DESCRIPTION OF THE TASK - No pictures belong in the copy. Retype exactly, and only, the stretch of lines below from the one with "Серьги-кольца из латуни" through the one with "There is no".

════════════════

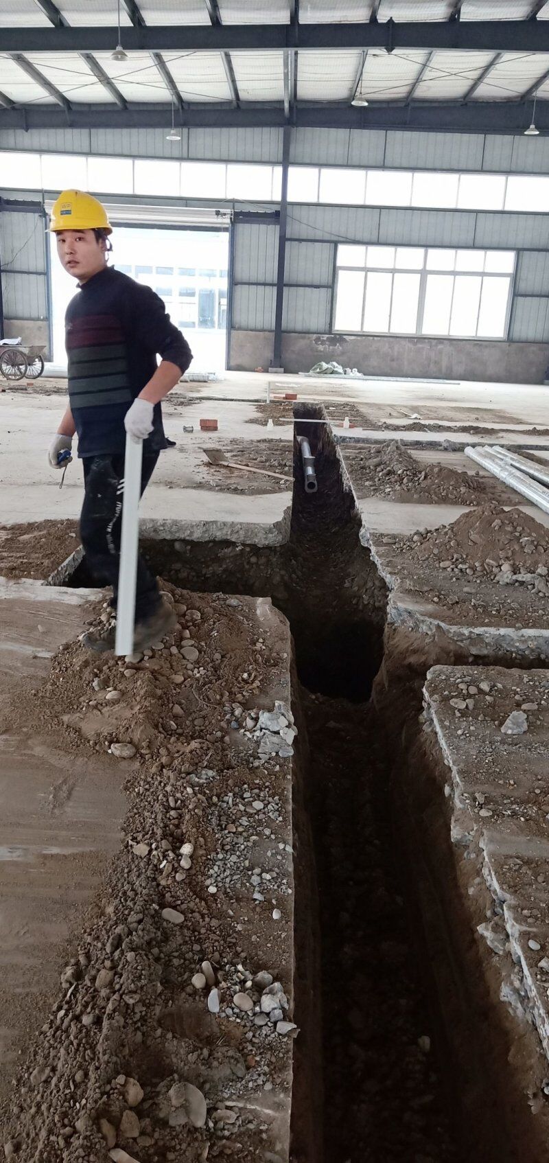 車間排水溝挖溝完成,排水管安裝
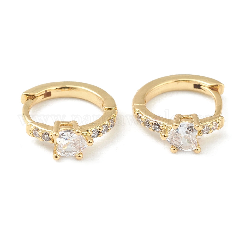Серьги-кольца из латуни с микро-паве из фианита, кольцо с сердцем
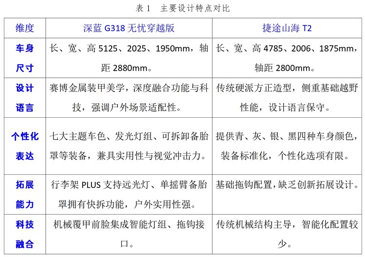 深藍G318通過“科技+美學+場景”三位一體的設計策略,重新定義了科技硬派SUV的標桿——它不僅是交通工具,更是戶外生活方式的載體; 而捷途山海T2則以“實用至上”為核心,延續(xù)傳統(tǒng)硬派SUV的可靠基因,但在設計創(chuàng)新、場景適配與用戶體驗層面仍需突破。對于追求“既有硬核性能,又能融入都市審美”的用戶,深藍G318是更優(yōu)選擇;若用戶更看重“基礎越野能力+低門檻”,捷途山海T2則提供了更親民的方案。
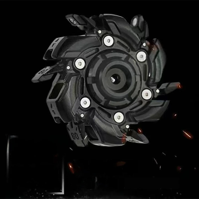 Imagine having this modern, metallic hand spinner in your palm, ready to ease tension and improve focus. Its sleek, black finish exudes a high-tech, sophisticated vibe that appeals to both adults and teens. Its intricate design features interconnected, curved blades arranged in a star or flower pattern, reflecting expert engineering and craftsmanship. The glossy, polished blades catch light beautifully, providing visual stimulation while offering a tactile experience. The central raised hub houses a smooth rotational bearing, ensuring effortless spinning. Secured with small silver screws, each component showcases a precise, industrial aesthetic. This high-quality, durable device is perfect for sensory engagement, decompression, and autism therapy—helping you focus or relax anytime you need it.
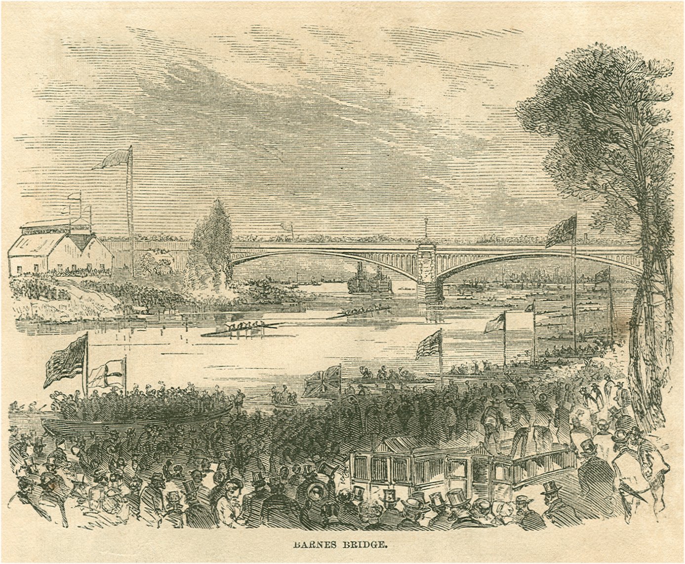 The boats are level off Chiswick Eyot and Oxford lead by two lengths at Barnes Bridge. Harvard stroke Loring is in trouble and Burnham is vigorously dashing water over him. The dense mass on the shore is swaying and sweeping over fields and fences, ditches and hedges, wild with excitement. Derby Day cannot compare.
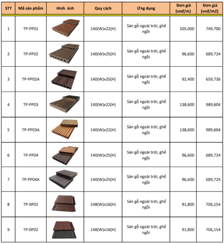 Bảng giá một sổ sàn gỗ nhựa composite.
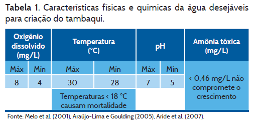 Por isso, é importante monitorar constantemente a qualidade da água da criação (Tabela 1), fazer biometrias periódicas dos peixes para acompanhar o crescimento e ficar atento ao comportamento ou ao aparecimento de sinais distintos.
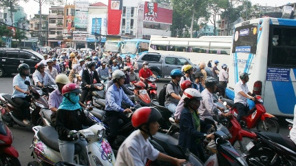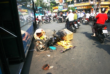 Khi đến vòng xoay Ngã Bảy thì bất ngờ ông Đinh Trung Sơn (51 tuổi) điều khiển xe máy BKS 51M1-9737 chở đầy bánh mì lưu thông ngược chiều trên đường Điện Biên Phủ tới vòng xoay đã mất lái đâm mạnh vào hông xe buýt.
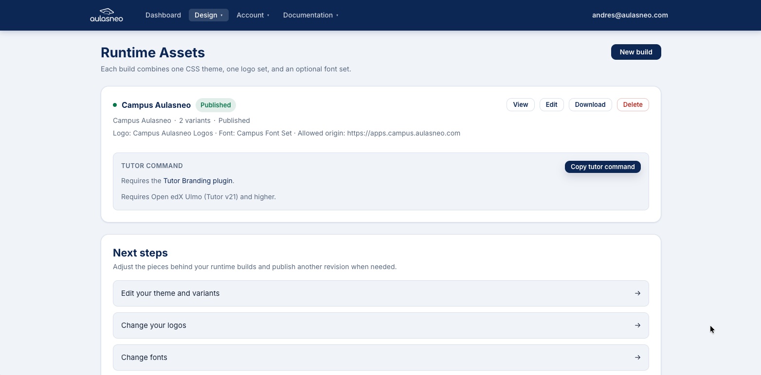 There is no need to rebuild Docker images, restart services, or re-run the Tutor command for color, typography, or CSS override changes. See Installation for a full list of cases that do and do not require re-running the Tutor command.
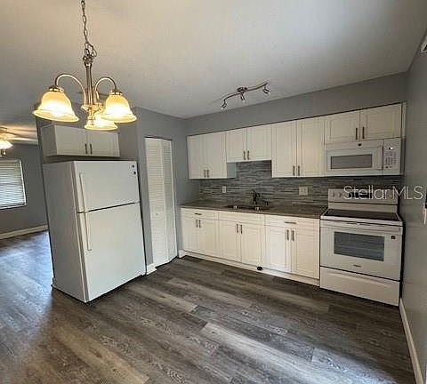Beautifully remodeled 2-bedroom, 1-bath duplex available for rent in Largo, conveniently located near Largo High School. This updated unit features luxury vinyl plank flooring throughout, a modern kitchen with wood cabinetry, granite and quartzite countertops, updated appliances, and a pantry closet. The bathroom has been fully renovated with a spacious walk-in shower, granite-topped vanity, and contemporary finishes. Enjoy the comfort of ceiling fans in both bedrooms and the living room, as well as blinds on all windows for added privacy. Sliding glass doors from the kitchen/dining area lead to a private, covered back porch perfect for relaxing outdoors. The unit also includes a private laundry room located in a secure storage area off the patio. Additional highlights include updated lighting, a partially fenced yard, a roof replaced in 2015, linen and storage closets, and ceiling fans on the porch. A truly move-in-ready home in a great location!
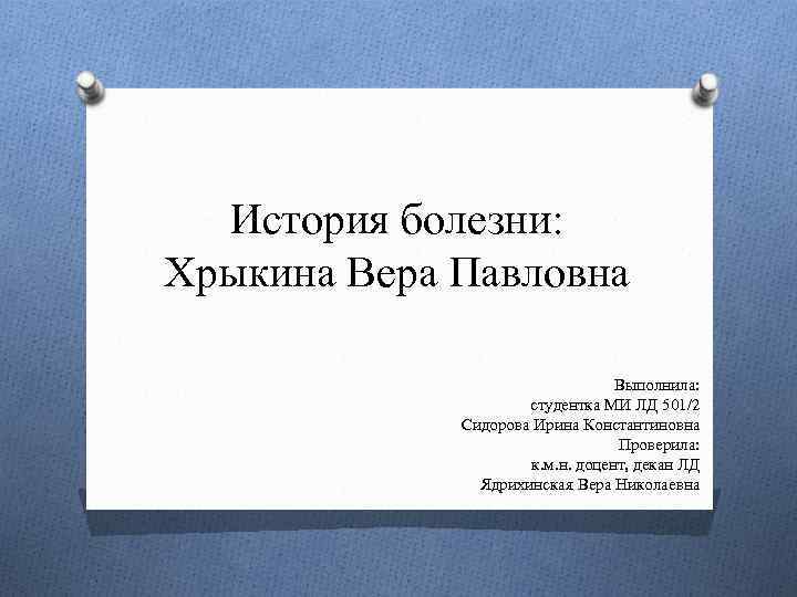 История болезни: Хрыкина Вера Павловна Выполнила: студентка МИ ЛД 501/2 Сидорова Ирина Константиновна Проверила: к. м. н. доцент, декан ЛД Ядрихинская Вера Николаевна
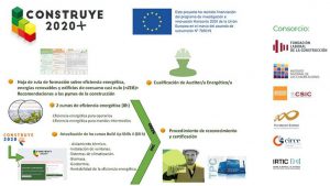 La base en la que se fundamenta el trabajo del consorcio de Construye 2020+, coordinado por la Fundación y formado por el Instituto de Ciencias de la Construcción Eduardo Torroja (IETCC-CSIC), la Fundación Estatal para la Formación en el Empleo (Fundae), el Instituto Nacional de las Cualificaciones (Incual), el Centro de Investigación de Recursos y Consumos Energéticos (Circe) y el Instituto de Robótica y Tecnologías de la Información y la Comunicación (IRTIC) de la Universidad de Valencia, tiene tres focos fundamentales: el impulso del empleo ‘verde’ en la industria de la construcción, el fomento de la capacitación y acreditación profesional en Eficiencia Energética (EE), Sistemas de Energía Renovable (SER) y Edificios de Energía Casi Nula (EECN) y el fomento de la construcción sostenible.
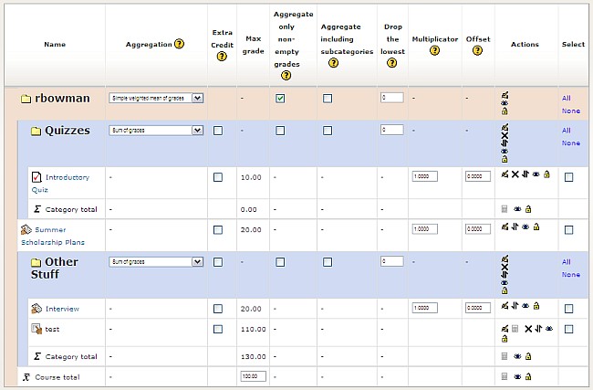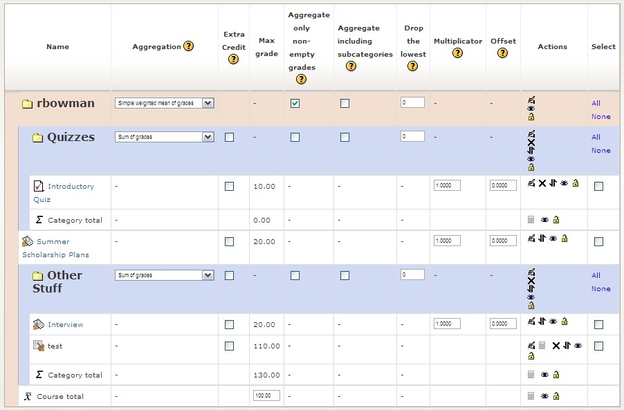Showing grade categories and items in "Full view" presents just about any editing option that an instructor may wish to have. These options are activated through clicking on icons. The icons are the usual ones seen when editing is turned on in the main course page. These include the edit, delete, hide, move and lock icons for each category and item which the instructor has added to the grade report. Grade items that were added by an assignment can be edited here, but to delete any such grade item, one must go back to the main course page and delete the assignment there. Figure 3 shows a screenshot of the "Full view" for a sample course.
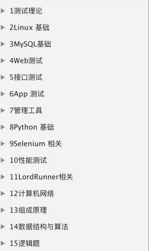 内容涉及:测试理论、Linux基础、MySQL基础、Web测试、接口测试、App测试、管理工具、Python基础、Selenium相关、性能测试、LordRunner相关等
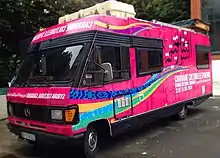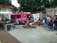 On its initiation, the project was self-financed. Participating artists paid a subscription, making it possible to fund the caravan and the journey costs.[69] Donations organised by the caravan's network also accounted for a big part of the budget.[70] Families and friends of the caravan's members played an important role by hosting the participants and contributing to the expenses of the trip. The caravan's success in 2014 allowed it to develop partnerships with various organisations.
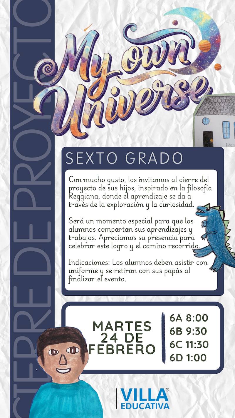 Lunes 23 de febrero: 1A (8:00) | 1B (9:30) | 1C (11:30) | 1D (1:00) - 6º Grado: «My Own Universe»
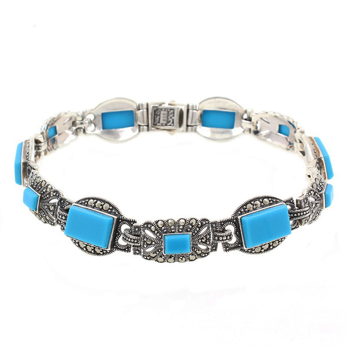 Серебряный браслет с бирюзой, артикул 170642 по цене 13790 руб. в наличии в салонах Город Золотой. Изделие имеет внешний вид "Фантазия", белый цвет, весом 20,94 грамм.
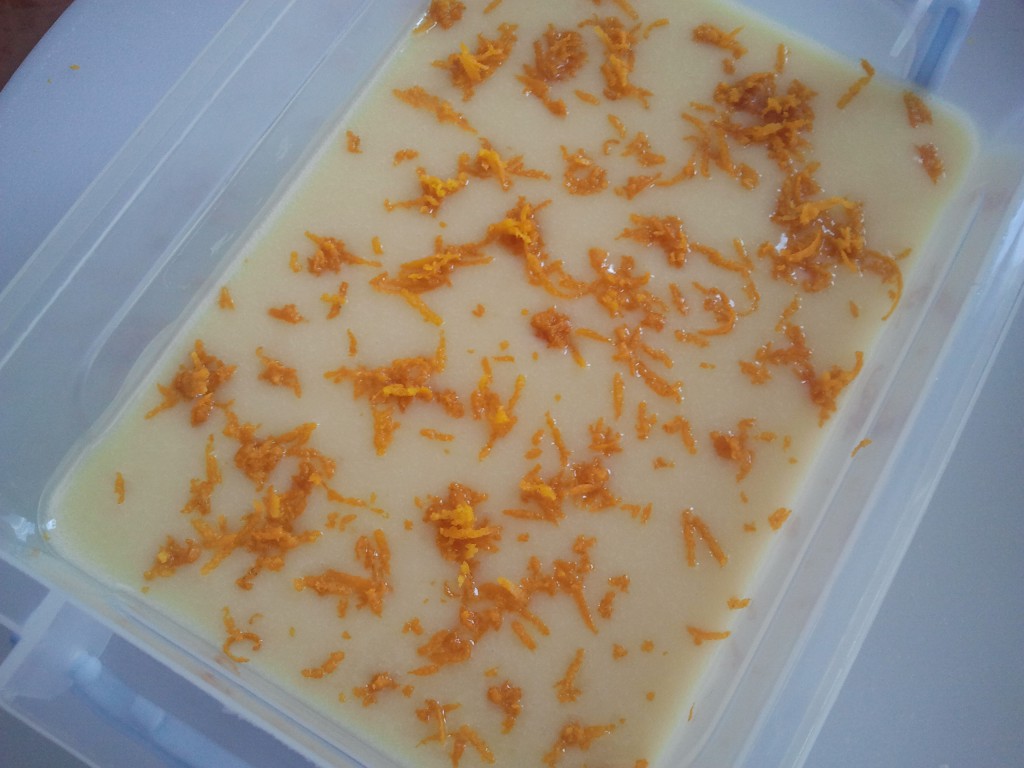 Dupa cum ati putut vedea in fotografiile realizate in timpul productiei de sapun natural, am pregatit o reteta interesanta, cremoasa, iar sapunul rezultat a fost decorat cu coaja de portocala. Uleiurile esentiale alese au fost anason si portocale. Astfel, am obtinut un sapun natural cu miros proaspat, revigorant, dulce.
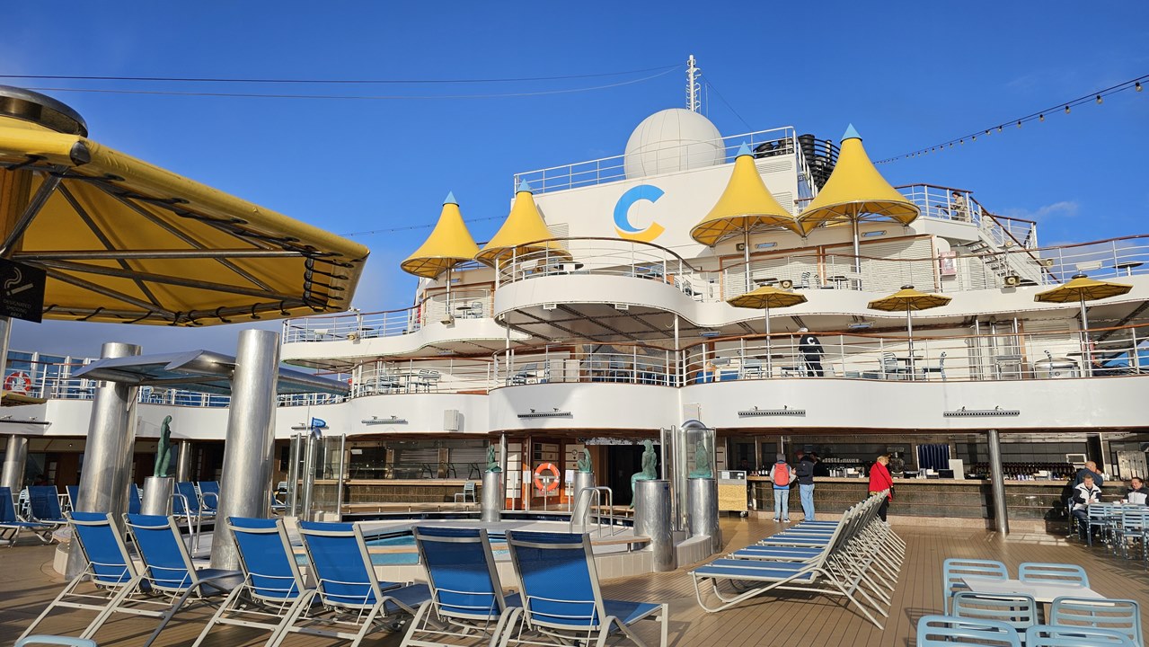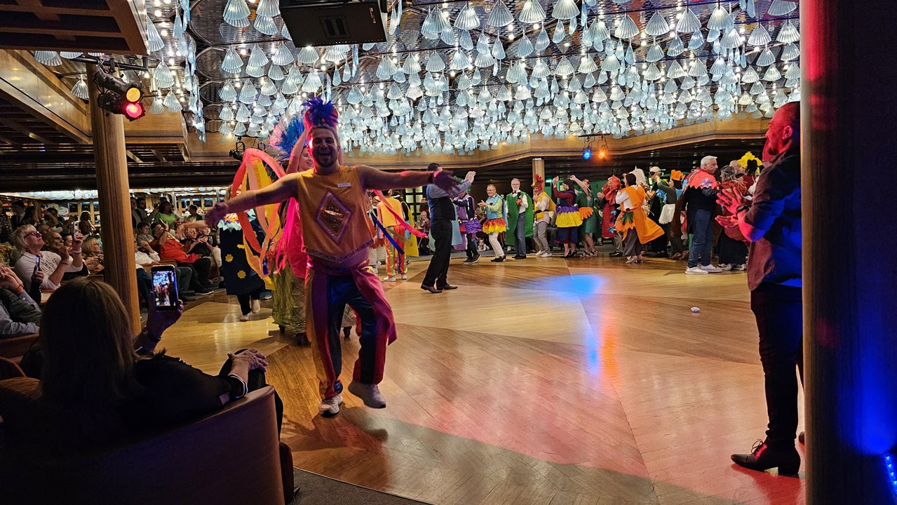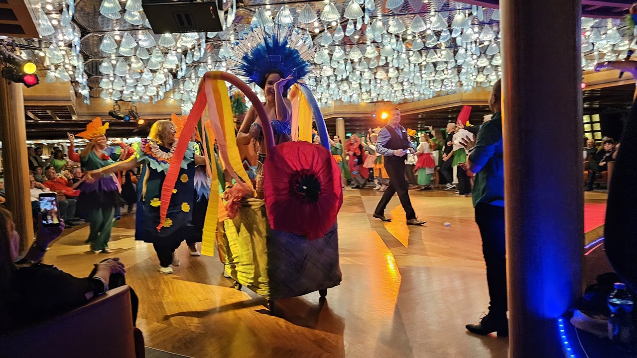 Wir finden mit Mühe einen Tisch und bestellen einen Cocktail. Es ist jetzt 22:45 Uhr. Wir wundern uns über verkleidete Menschen mit bunten Hüten – Gäste wie Costa-Mitarbeiter – die herumstehen und auf irgendwas zu warten scheinen. Und dann geht plötzlich ein Ruck durch die Menge und die verkleideten Menschen formieren sich zu einem Karnevalsumzug! Ja, richtig gelesen – ein Karnevalsumzug! Der Umzug zieht mit viel Getöse durch die ganze Bar, die Menschen feiern und singen mit. Wir auch! Wir fühlen uns absolut gut entertaint 🙂 Wie schon gesagt: Costa versteht sich auf Entertainment!
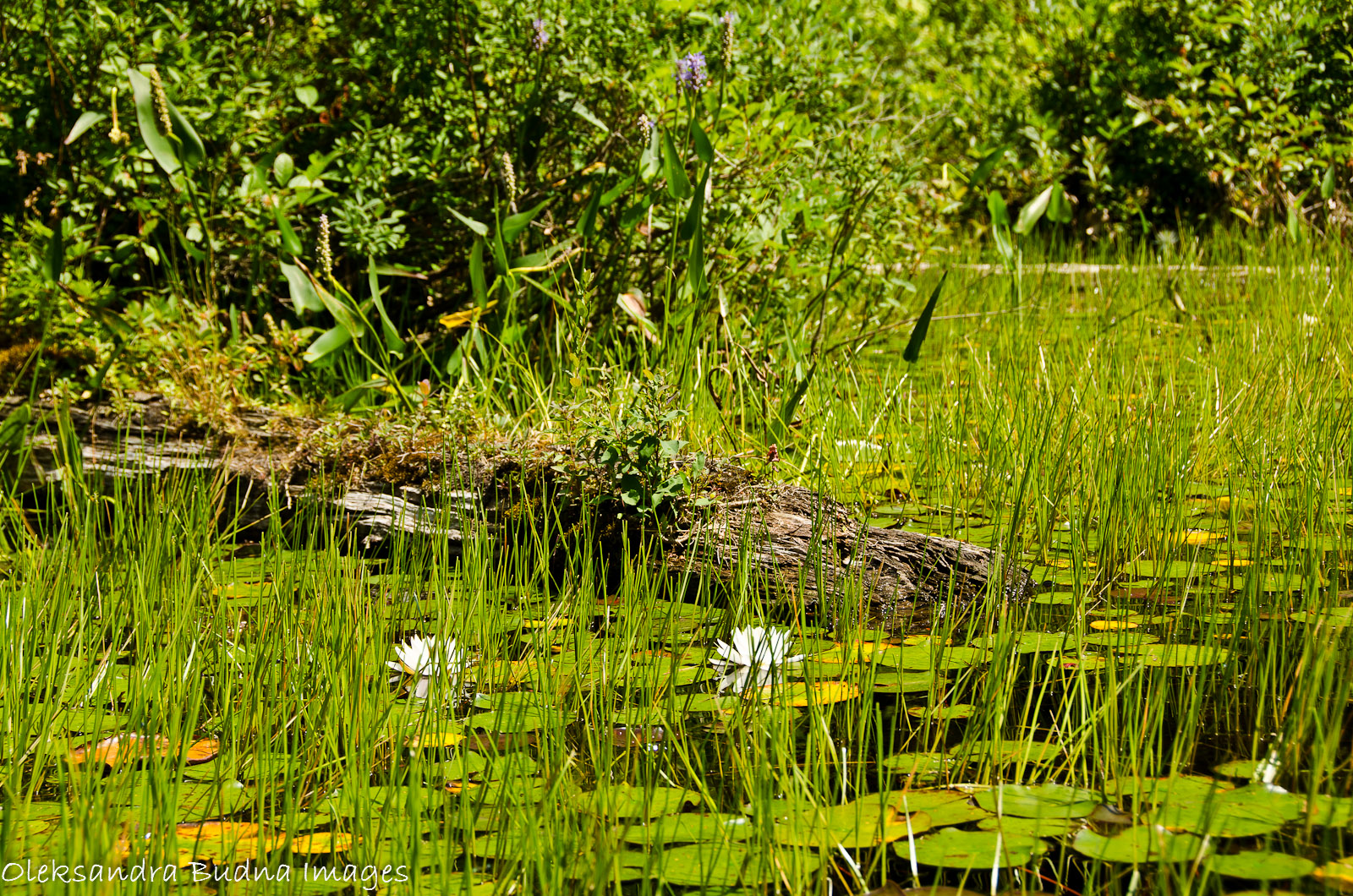 There is a stream connecting Loucks and Cox Lakes with portages at both ends. The portages are short (about 150 metres each) and easy, and the stream itself, blanketed in water lilies, is incredibly picturesque. It did get a bit too shallow in some places and there was a pretty big beaver damn, so we had to get out and drag the canoe over it.
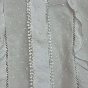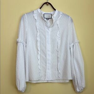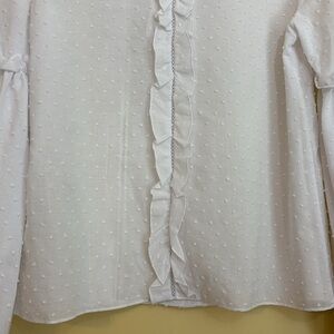 Alexis | White Dobby Swiss Dot Ruffle Button Up Long Balloon Sleeve Oversized Blouse Top in size Small XS

════════════════

YOUR RESPONSE -
Серьги-кольца из латуни с микро-паве из фианита, кольцо с сердцем
 深藍G318通過“科技+美學+場景”三位一體的設計策略,重新定義了科技硬派SUV的標桿——它不僅是交通工具,更是戶外生活方式的載體; 而捷途山海T2則以“實用至上”為核心,延續(xù)傳統(tǒng)硬派SUV的可靠基因,但在設計創(chuàng)新、場景適配與用戶體驗層面仍需突破。對于追求“既有硬核性能,又能融入都市審美”的用戶,深藍G318是更優(yōu)選擇;若用戶更看重“基礎越野能力+低門檻”,捷途山海T2則提供了更親民的方案。
 Imagine having this modern, metallic hand spinner in your palm, ready to ease tension and improve focus. Its sleek, black finish exudes a high-tech, sophisticated vibe that appeals to both adults and teens. Its intricate design features interconnected, curved blades arranged in a star or flower pattern, reflecting expert engineering and craftsmanship. The glossy, polished blades catch light beautifully, providing visual stimulation while offering a tactile experience. The central raised hub houses a smooth rotational bearing, ensuring effortless spinning. Secured with small silver screws, each component showcases a precise, industrial aesthetic. This high-quality, durable device is perfect for sensory engagement, decompression, and autism therapy—helping you focus or relax anytime you need it.
 The boats are level off Chiswick Eyot and Oxford lead by two lengths at Barnes Bridge. Harvard stroke Loring is in trouble and Burnham is vigorously dashing water over him. The dense mass on the shore is swaying and sweeping over fields and fences, ditches and hedges, wild with excitement. Derby Day cannot compare.
 Bảng giá một sổ sàn gỗ nhựa composite.
 Por isso, é importante monitorar constantemente a qualidade da água da criação (Tabela 1), fazer biometrias periódicas dos peixes para acompanhar o crescimento e ficar atento ao comportamento ou ao aparecimento de sinais distintos.
 Khi đến vòng xoay Ngã Bảy thì bất ngờ ông Đinh Trung Sơn (51 tuổi) điều khiển xe máy BKS 51M1-9737 chở đầy bánh mì lưu thông ngược chiều trên đường Điện Biên Phủ tới vòng xoay đã mất lái đâm mạnh vào hông xe buýt.
 There is no need to rebuild Docker images, restart services, or re-run the Tutor command for color, typography, or CSS override changes. See Installation for a full list of cases that do and do not require re-running the Tutor command.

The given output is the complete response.